At what point does this stop being "a developer using an AI tool" and start being "an AI development loop with a human supervisor"? I'm not sure. I'm not sure the distinction matters practically. What matters is whether the software gets better, the bugs get caught, and the features ship correctly. And on all three counts, this workflow delivers.

But it does make me think about what my role actually is in this process. I'm not writing the code. I'm not writing the tests. I'm not running the tests. I'm not recording the results. I'm making the decisions about what to build and when to ship. I'm reviewing the AI's work and overriding its judgement when it's wrong. I'm the product manager and the quality gate, not the developer.

That's not a metaphor for some futuristic vision of AI-first development. Just my actual Wednesday.

What 82 Tools Teaches You About AI Interface Design

Building an MCP server with 82 tools taught me things I didn't expect about designing interfaces for AI rather than humans.

Humans can handle ambiguity. If a button says "Run", a human can look at the context and figure out what it runs. An AI needs the tool description to say "Start a new test run for the specified release, executing all non-archived test cases associated with that release, and return the test run ID for tracking progress." Precision matters more than brevity.

Humans can recover from wrong choices. If you click the wrong button, you hit undo. An AI that calls the wrong tool might create a test run you didn't want, or record a result against the wrong test case. Error prevention beats error recovery when your user is a language model.

Humans read documentation once. An AI reads the tool description every single time it's invoked. So those descriptions need to be optimised for repeated comprehension, not first-time learning. Short, consistent, unambiguous.

These are genuinely new design principles. We're all still figuring them out. But if you're building MCP servers, start thinking about your AI as a user with very specific needs, very literal interpretation, and zero tolerance for ambiguity.

Where This Goes Next

The immediate next step is connecting this feedback loop to our CI/CD pipeline. When code is committed, TestPlan automatically creates a test run, Claude executes the relevant test cases, and the results feed back into the pull request. If tests fail, Claude can attempt to fix the issue before a human ever looks at it.

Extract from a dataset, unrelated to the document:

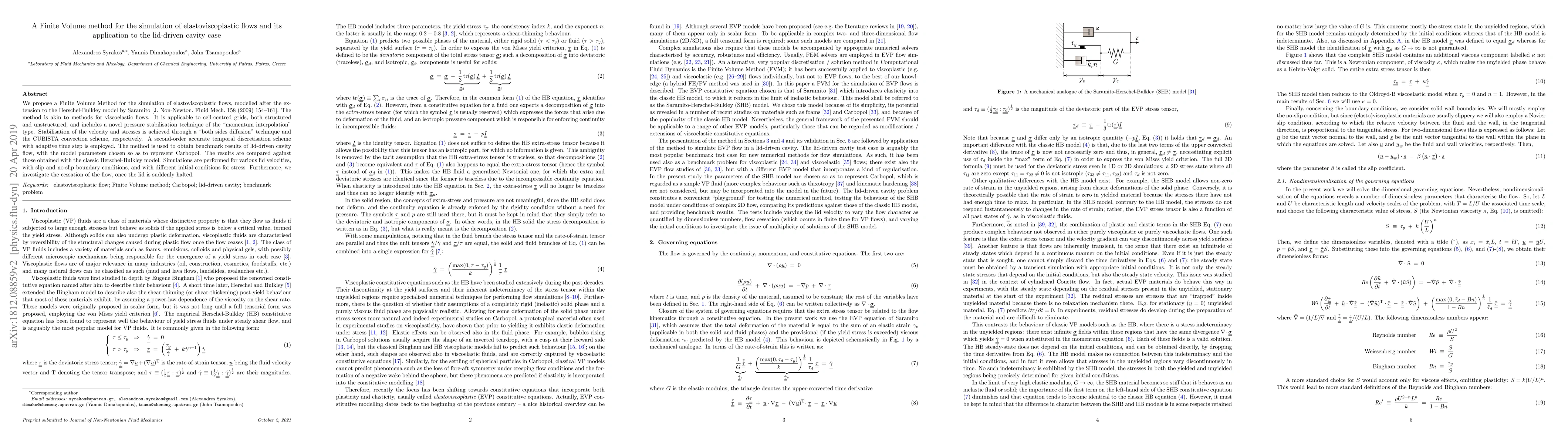 This paper introduces a Finite Volume Method for simulating elastoviscoplastic flows based on the Herschel-Bulkley model, featuring a novel pressure stabilisation technique and a "both sides diffusion" method for velocity stabilisation. Benchmark results for lid-driven cavity flow are obtained and compared against the classic Herschel-Bulkley model, with analyses on flow cessation upon lid halt.

The longer-term vision is that TestPlan's test coverage expands organically. As Claude builds new features, it also builds the test cases for those features. As humans interact with the product and find edge cases, those get fed back into the test suite. The product and its test coverage grow together, maintained by a combination of AI automation and human judgement.

But I'm getting ahead of myself. Right now, the system works. The loop runs. The AI builds, tests, records, and adjusts. And I sit in the middle, making sure it's all heading in the right direction.

It's a strange way to build software. But it's working. And that's what matters more than whether it sounds normal.